I'm a legal age dude...But I like to keep my age a secret. And yep I totally agree. Fred is so wise and caring. He's the salt and light of the arena. God bless him.
Oda is probably not even gonna read this so someone may have to tell him this for me: Look, Oda, I really don't think you understand exactly what it is I'm going through right now. I live a miserable life. Not only do I have next to no real life friends who I hardly ever get to see but I also have a girlfriend who lives thousands of miles away from me who I can't even be with. And I go through so much pain everyday because of how bad I want to see her and marry her. It's not fair for you to expect me to just snap out of this like it's nothing. But if I have a way to take my mind off of it that will help. I never even wanted you to get involved with any of this. You chose to yourself. I would say "let's just pretend none of this ever happened and I'll find a way to take my mind off of it so you won't even notice the difference in me" But I guess now the damage has already been done...
Now that you mention it that might be the case. But I love Pizza, Lasagna and Spaghetti so much...They are SO GOOD... But anyway I feel like I should say this. Thank you for trying to help me...I really do appreciate it... I also would like to thank everyone else for their continued support of me in my time of need.
Well I've been trying to limit sweets but not so much now during the holidays.
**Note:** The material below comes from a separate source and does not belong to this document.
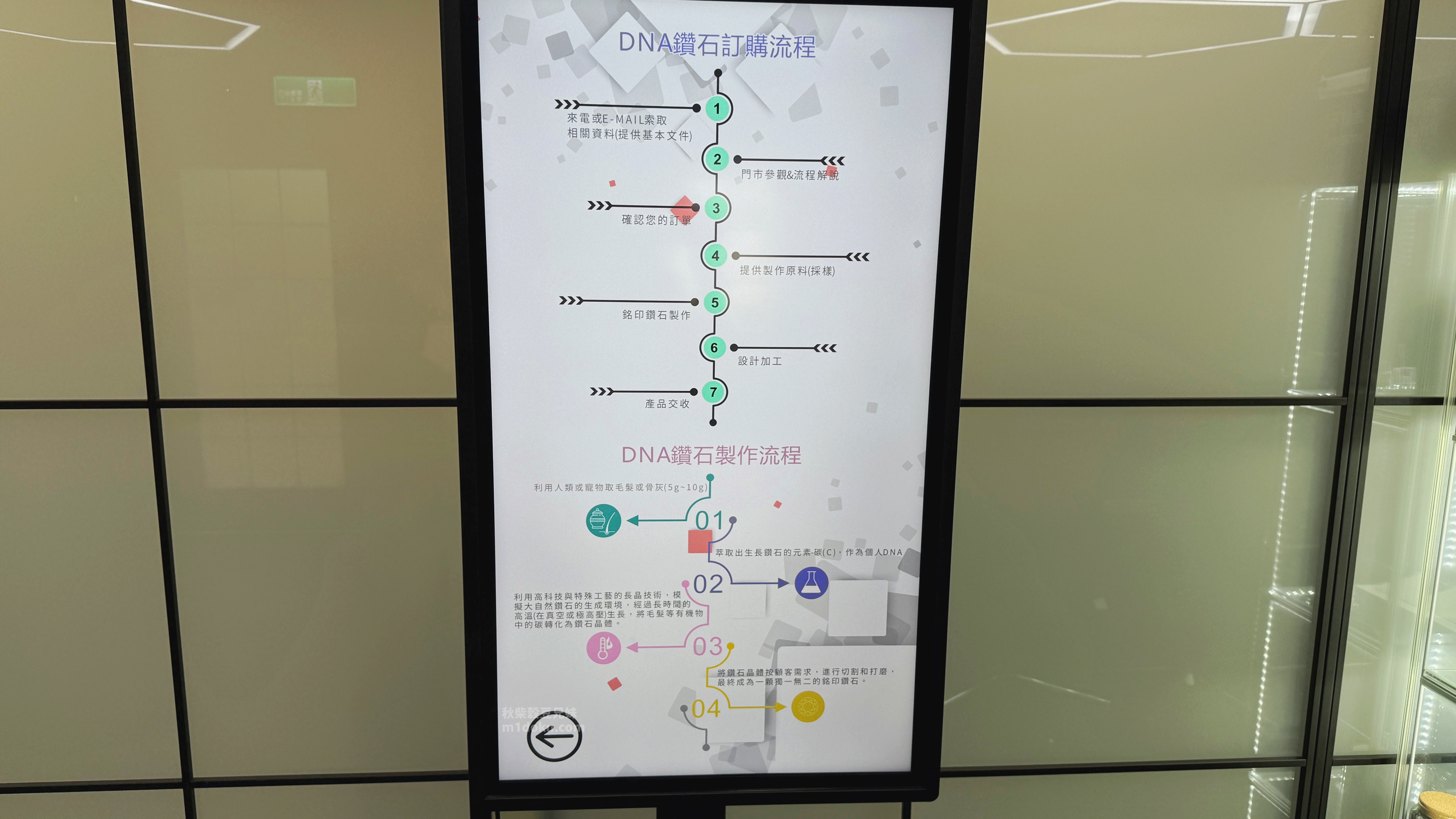 鑽石培育的全程會記錄成培育影像,真實透明,製作專屬「影音紀念盒」,從收件到成品,約三個月。除了在門市確認哪些戒台可以選或能製成什麼飾品之外,服務人員還帶我們直接前往培育的實驗室參觀,能夠直接看到從一開始的毛髮逐漸培育成鑽石的模樣,完全公開透明能夠讓人相當安心且信任,那個過程讓人相當的感動,期待著專屬自己獨一無二的毛孩鑽石!

I have a strange diet so I have to take supplements to get the proper vitamins I need. I take a special medicine called Mood Plus to help keep my mood and emotions in check. I definitely get enough Vitamin C. Not sure about anything else. I don't drink milk so I'm a bit worried that I may have a calcium deficiency. I only get my calcium from cheese.
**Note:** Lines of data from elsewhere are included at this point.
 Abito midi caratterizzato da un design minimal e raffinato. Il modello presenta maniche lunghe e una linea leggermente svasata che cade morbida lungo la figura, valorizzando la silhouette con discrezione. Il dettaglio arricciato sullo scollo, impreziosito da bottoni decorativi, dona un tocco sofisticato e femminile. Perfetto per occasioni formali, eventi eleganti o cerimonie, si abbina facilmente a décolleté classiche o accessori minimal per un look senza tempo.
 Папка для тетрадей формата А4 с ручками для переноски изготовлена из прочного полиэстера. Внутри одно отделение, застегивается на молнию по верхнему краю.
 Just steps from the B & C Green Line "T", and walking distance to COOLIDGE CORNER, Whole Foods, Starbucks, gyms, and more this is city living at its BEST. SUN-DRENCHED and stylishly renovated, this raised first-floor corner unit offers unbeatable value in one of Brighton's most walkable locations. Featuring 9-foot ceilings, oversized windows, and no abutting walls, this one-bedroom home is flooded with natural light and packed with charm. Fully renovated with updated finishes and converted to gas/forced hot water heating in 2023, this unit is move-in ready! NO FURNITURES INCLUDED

Thanks a million for all your help man. You've really helped me through some troubling times in my life.
All I remember you saying was "Stop with the self doubt already!" And "Is this how you want me to remember you?" But I might've missed something. I've not been in a good frame of mind. Really? All I see it as is just a fake broken godmodded version of Yugioh. I didn't want to believe it at first but it's true. Well Italian food mostly. I also like burgers. And occasionally vegetables. Are those bad about causing depression? @Everyone else: I know I'm supposed to keep trying things to find what it is I'm good at but I've tried sports, videogames, card games, story writing, RPing, and music...What's left to try? I'm always sucking at everything...
You know you guys might wanna try telling me actual REASONS why I shouldn't be depressed instead of just going all "Stop trying to fish for sympathy! You're a big crybaby! Suck it up and quit moping!" Well that's basically pretty much what you did at least. Some of Star's words a few pages back did somewhat enlighten me but when I can find at least just one thing that I'm good at THEN I won't be so down on myself anymore. It's said that everybody has a purpose in life and a special talent but I have yet to find out what mine is. But if I agree to not talk about my depression with you guys anymore will that help?
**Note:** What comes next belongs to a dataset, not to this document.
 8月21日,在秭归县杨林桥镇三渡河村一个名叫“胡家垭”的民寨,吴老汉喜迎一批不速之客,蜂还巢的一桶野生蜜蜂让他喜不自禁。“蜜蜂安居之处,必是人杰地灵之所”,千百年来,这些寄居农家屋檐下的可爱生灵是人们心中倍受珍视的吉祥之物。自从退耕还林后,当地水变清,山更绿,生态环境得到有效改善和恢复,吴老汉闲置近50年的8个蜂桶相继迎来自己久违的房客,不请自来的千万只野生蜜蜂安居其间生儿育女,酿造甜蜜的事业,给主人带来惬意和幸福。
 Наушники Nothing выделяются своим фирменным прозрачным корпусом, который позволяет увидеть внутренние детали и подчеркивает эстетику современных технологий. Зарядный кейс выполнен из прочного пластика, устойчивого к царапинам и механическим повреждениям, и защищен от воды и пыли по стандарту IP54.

What in the fuŃking hell??? Oh my God I can't believe you guys actually think that I'm just fishing for sympathy and don't think that I deserve any what is this I don't even... EDIT: Okay just read some more of that. And yes the reason I tell you guys is because I consider you my friends and have no one else to tell. And isn't that what friends are for? DOUBLE EDIT: And hold on what help did I reject?
I never even claimed that I made a good Jaden. And I don't think that I do either. And having self-loathing is typical of people with Asperger's Syndrome after they get older. And I think I have good reasons for it. I mean I can't help but let it get me down how everybody's better than me at everything...Cut me some slack... Sure I was good when I played in the Arena at times but what I don't think you understand is the Arena is very different from the real Yugioh game. Doing well in one has nothing to do with doing well in the other. The Arena doesn't count for anything because it's a completely different game.